Mengayuh sepeda sejauh 5 kilo meter bukanlah hal yang
memberatkan pagi itu. Belokan dan tanjakan sedikit jalan lobang itu sudah
biasa. Anak muda sepertiku memang masih penuh semangat dan ibarat kata ini
masih full start engine. Hehe..aku mencoba menghibur diri disela-sela
kelemahanku sebagai anak kampong dan anak seorang petani biasa. Tak terasa
sampai juga aku ke tujuan. Rumah temanku yang terletak ditepi rel kereta api
sebut saja Melly teman yang begitu menyenangkan. Tapi bukan dia tujuanku adalah
seorang gadis mungil dan berpipi padat bulat, mata agak sipit yang telah lama
aku kenal dalam kamus sekolahku. Ya ya ya..dialah Ening gadis pujaan untuk
cinta monyetku. Hadueh…berdebar jantung ini saat memasuki pekarangan rumah
Melly.
Kulihat Ening sudah duduk bersama Melly dengan lesehan di
ruang tengah rumah Melly. “Assalamualaikum” sapaku ramah. “Walaikumussalam “
jawaban yang kompak dari sahabatku ini. “Gimana udah mulai belum belajarnya?”

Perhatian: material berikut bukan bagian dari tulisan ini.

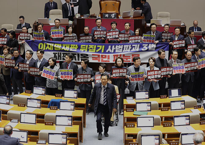 국민의힘 의원들은 '이재명재판 뒤집기 사법파괴 3법 재판지옥 국민 피눈물'이란 문구의 현수막과 함께 '사법파괴 독재완성', '사법파괴 즉각철회'라고 적힌 손팻말을 들고 의장석 앞에 섰고 민주당 의원들이 거세게 항의하면서 고성이 오갔다.

tanyaku ringan. “Belumlah..kan kita nungguin kamu”. Jawab Ening dengan senyum
ramah sambil mengetuk-ngetuk meja dengan ujung bollpointnya. “Okelah kita mulai
yah..’ ajakku untuk segera mengerjakan tugas sekolah yang memang harus selesai
hari itu juga.
Beberapa lama kami asyik dengan mengerjakan tugas, tiba-tiba
terdengar suara adzan. Spontan Ening meminta diam dan berhenti sejenak untuk
mendengarkan seeruan adzan dari sebuah mushola seberang jalan. Ada rasa kagum
dalam benakku. Dilingkungan yang belum sempurna kulihat kecintaan orang akan
agama islam, ada satu generasi islam yang mempunyai karakteristik islamiyah
walau berbekal ilmu agama hanya disekolah umum pada biasanya. Sungguh aku
terpesona.
Setelah selesai adzan kamipun melanjutkan tugas kami hingga
selesai. Perdebatan dan gurauan kecil sesekali tampak dalam suasana kami waktu
itu. Waktu terus berjalan dan sudah saatnya kami harus pulang. “Ening pulang
sama aku kan kedepan?”tanyaku pada Ening. “Bolehlah…tapi sampai depan aja yah”pintanya
manja. “Oke”. Meski hanya beberapa meter aku mengantarkan Ening ke depan gang
aku merasa cukup senang saat itu. Sebuah vespa yang aku hafal plat nomernya
saat itu sudah tampak menjemput Ening. “Zan, sampai besok yah..Makasih loh”
kata Ening sambil menuju ke vespa yang menjemputnya.
Pelan tapi pasti bayang masa lalu itu hadir dalam
keseharianku di Jakarta. Hari demi hari, bulan berganti bulan hingga tahunpun
berganti. Mencari dan terus mencari melalui media onlinepun ku jalani demi hanya
untuk mendengar kabar dan bagaimana Ening sekarang. Rupaya Tuhan menjawab
seuntai do’a dalam keputus asaan. Malam itu aku online dengan media social yang
sudah lama tak aku sentuh karena kesibukanku dalam bekerja. Hah ! Ening! Aku kaget
seperti menemukan mutiara yang hilang beberapa tahun lamanya. Sebuah permintaan
pertemanan yang baru saja aku buka.
Seketika itu pula semua menjadi jelas. Aku bukan lelaki yang
dipenuhi rasa penasaran lagi tentang Ening. Ada kelegaan mengetahui kondisinya
dan bahkan keluarganya. Ada kerelaan hati ada keihlasan ada sejuta do’a untuk
Ening dan keluarganya. Oh…kegembiraan ini tak akan mampu aku lukiskan. Meski
aku jago melukis saat SMA dulu.
Akupun demikian bersyukur dengan apa yang tuhan berikan dan
limpahkan kepadaku. Tak terasa mata ini dipenuhi linangan air mata saat memandang
wajah polos seorang istri dihadapanku dan dua putriku ini, yang tak mungkin aku
berbagi cerita bahagia ini. Tapi sudahlah. Dengan hati penuh syukur ini aku
menghadap-Mu yaa Rabb. Limpahkan segala kebaikan buat Ening beserta keluarganya
dan Kami sekeluarga tentunya. Aamiin. (Sebuah Coretan Kehidupan).